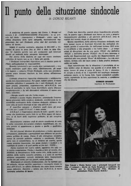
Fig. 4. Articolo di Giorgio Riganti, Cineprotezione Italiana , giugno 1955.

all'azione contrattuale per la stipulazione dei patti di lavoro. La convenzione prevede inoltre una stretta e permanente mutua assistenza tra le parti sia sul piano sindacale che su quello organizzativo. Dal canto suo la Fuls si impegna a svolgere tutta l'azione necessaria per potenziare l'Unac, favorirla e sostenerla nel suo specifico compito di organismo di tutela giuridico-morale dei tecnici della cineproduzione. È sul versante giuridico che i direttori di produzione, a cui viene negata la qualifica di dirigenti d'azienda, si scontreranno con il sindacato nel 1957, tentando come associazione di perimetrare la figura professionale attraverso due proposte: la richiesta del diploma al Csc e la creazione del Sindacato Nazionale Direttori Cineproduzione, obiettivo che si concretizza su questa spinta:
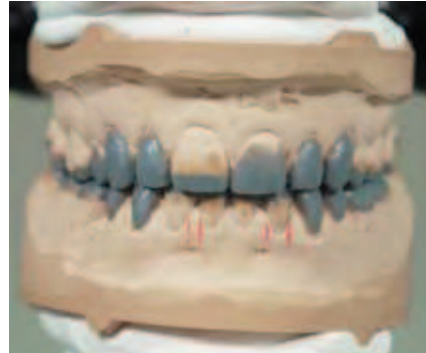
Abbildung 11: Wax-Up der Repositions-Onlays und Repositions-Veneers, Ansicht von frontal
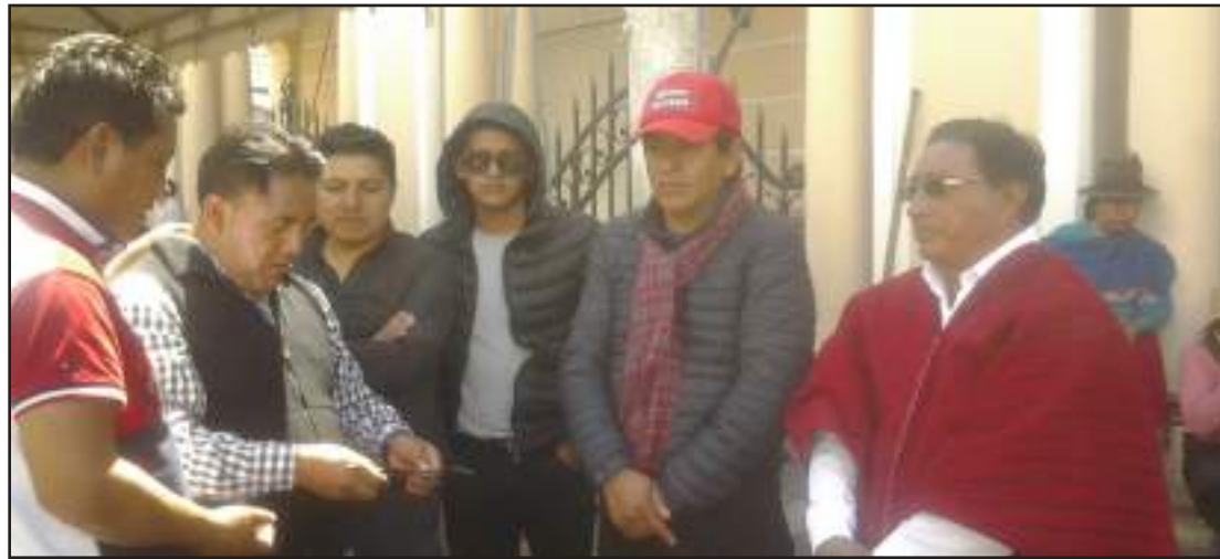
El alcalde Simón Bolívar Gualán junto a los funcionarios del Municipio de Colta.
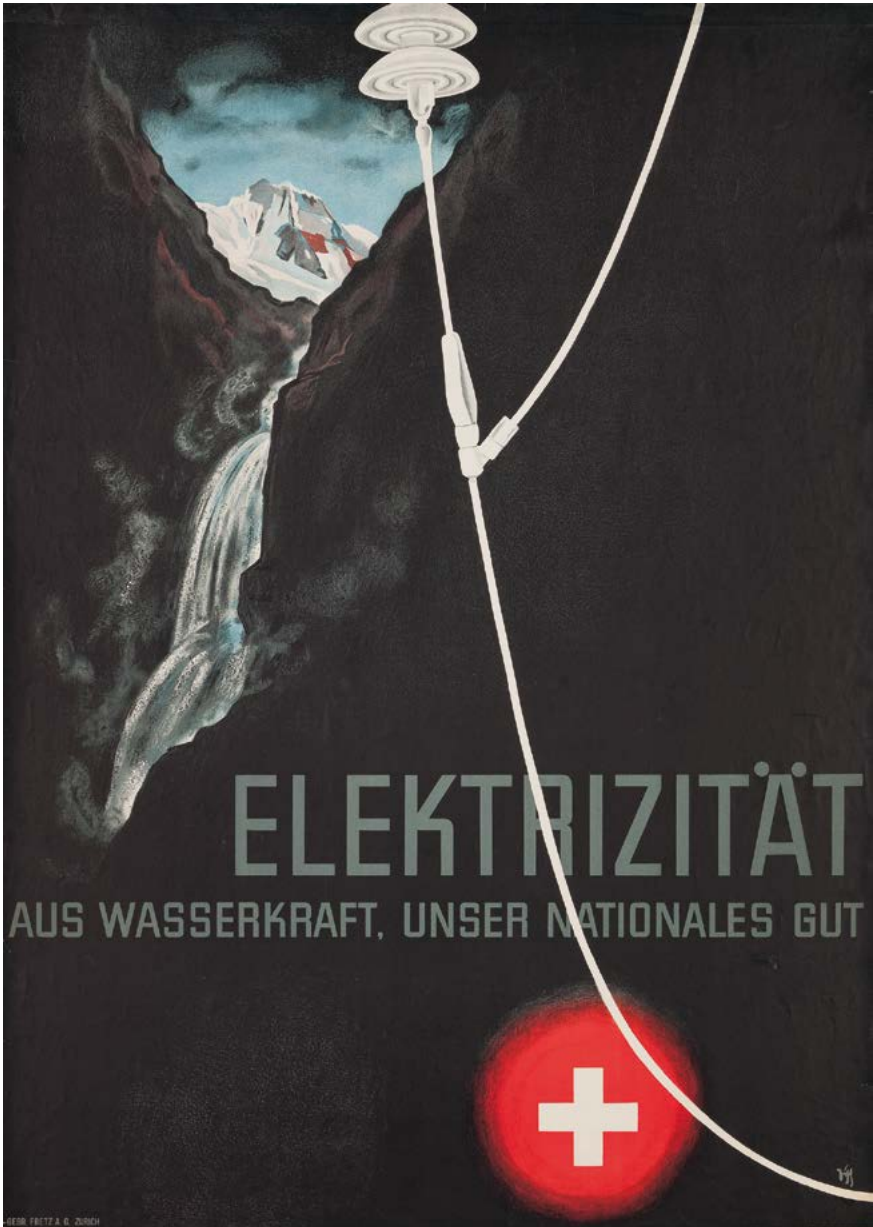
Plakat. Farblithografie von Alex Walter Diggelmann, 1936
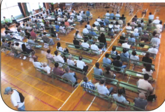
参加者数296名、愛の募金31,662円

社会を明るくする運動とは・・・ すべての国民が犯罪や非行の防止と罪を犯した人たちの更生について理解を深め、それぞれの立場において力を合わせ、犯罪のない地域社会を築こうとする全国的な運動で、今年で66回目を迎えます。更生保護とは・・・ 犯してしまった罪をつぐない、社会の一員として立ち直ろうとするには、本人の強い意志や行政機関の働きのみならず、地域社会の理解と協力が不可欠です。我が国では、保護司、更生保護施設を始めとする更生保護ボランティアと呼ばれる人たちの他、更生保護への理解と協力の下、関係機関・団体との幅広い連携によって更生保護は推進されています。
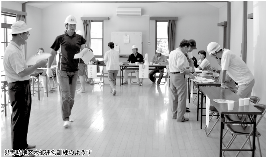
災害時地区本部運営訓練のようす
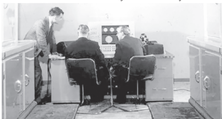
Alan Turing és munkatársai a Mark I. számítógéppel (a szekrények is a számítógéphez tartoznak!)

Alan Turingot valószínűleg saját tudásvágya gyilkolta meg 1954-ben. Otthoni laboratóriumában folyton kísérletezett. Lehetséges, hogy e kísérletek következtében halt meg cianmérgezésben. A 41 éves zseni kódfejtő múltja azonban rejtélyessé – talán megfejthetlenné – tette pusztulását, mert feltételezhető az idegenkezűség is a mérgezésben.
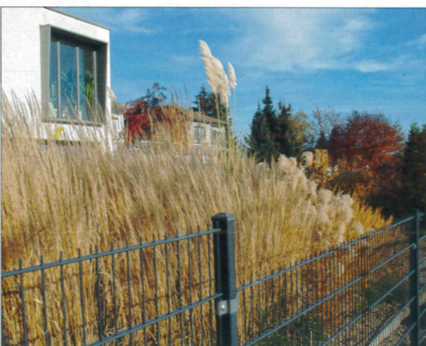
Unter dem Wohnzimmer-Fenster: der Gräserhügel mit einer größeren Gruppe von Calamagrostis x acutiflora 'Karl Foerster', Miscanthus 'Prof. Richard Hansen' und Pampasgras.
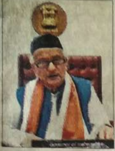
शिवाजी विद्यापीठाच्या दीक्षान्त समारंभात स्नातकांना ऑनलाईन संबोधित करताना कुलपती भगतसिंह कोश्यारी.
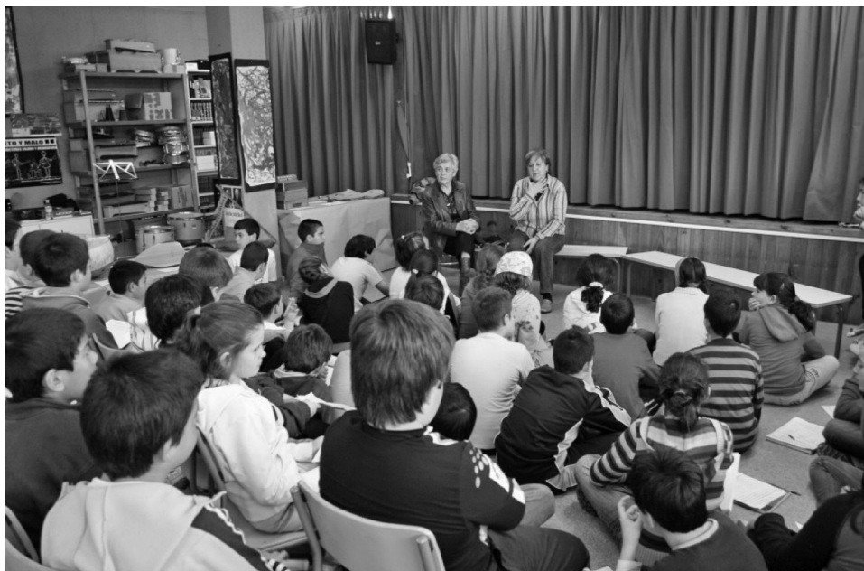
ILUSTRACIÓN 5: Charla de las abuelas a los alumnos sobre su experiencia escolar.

» What is required: Each line from the first line of the data above through the one containing "Alan Turing és" must be set down exactly; the pictures must not be.

» Response area:
Fig. 4. Articolo di Giorgio Riganti, Cineprotezione Italiana , giugno 1955.

all'azione contrattuale per la stipulazione dei patti di lavoro. La convenzione prevede inoltre una stretta e permanente mutua assistenza tra le parti sia sul piano sindacale che su quello organizzativo. Dal canto suo la Fuls si impegna a svolgere tutta l'azione necessaria per potenziare l'Unac, favorirla e sostenerla nel suo specifico compito di organismo di tutela giuridico-morale dei tecnici della cineproduzione. È sul versante giuridico che i direttori di produzione, a cui viene negata la qualifica di dirigenti d'azienda, si scontreranno con il sindacato nel 1957, tentando come associazione di perimetrare la figura professionale attraverso due proposte: la richiesta del diploma al Csc e la creazione del Sindacato Nazionale Direttori Cineproduzione, obiettivo che si concretizza su questa spinta:
Abbildung 11: Wax-Up der Repositions-Onlays und Repositions-Veneers, Ansicht von frontal
El alcalde Simón Bolívar Gualán junto a los funcionarios del Municipio de Colta.
Plakat. Farblithografie von Alex Walter Diggelmann, 1936
参加者数296名、愛の募金31,662円

社会を明るくする運動とは・・・ すべての国民が犯罪や非行の防止と罪を犯した人たちの更生について理解を深め、それぞれの立場において力を合わせ、犯罪のない地域社会を築こうとする全国的な運動で、今年で66回目を迎えます。更生保護とは・・・ 犯してしまった罪をつぐない、社会の一員として立ち直ろうとするには、本人の強い意志や行政機関の働きのみならず、地域社会の理解と協力が不可欠です。我が国では、保護司、更生保護施設を始めとする更生保護ボランティアと呼ばれる人たちの他、更生保護への理解と協力の下、関係機関・団体との幅広い連携によって更生保護は推進されています。
災害時地区本部運営訓練のようす
Alan Turing és munkatársai a Mark I. számítógéppel (a szekrények is a számítógéphez tartoznak!)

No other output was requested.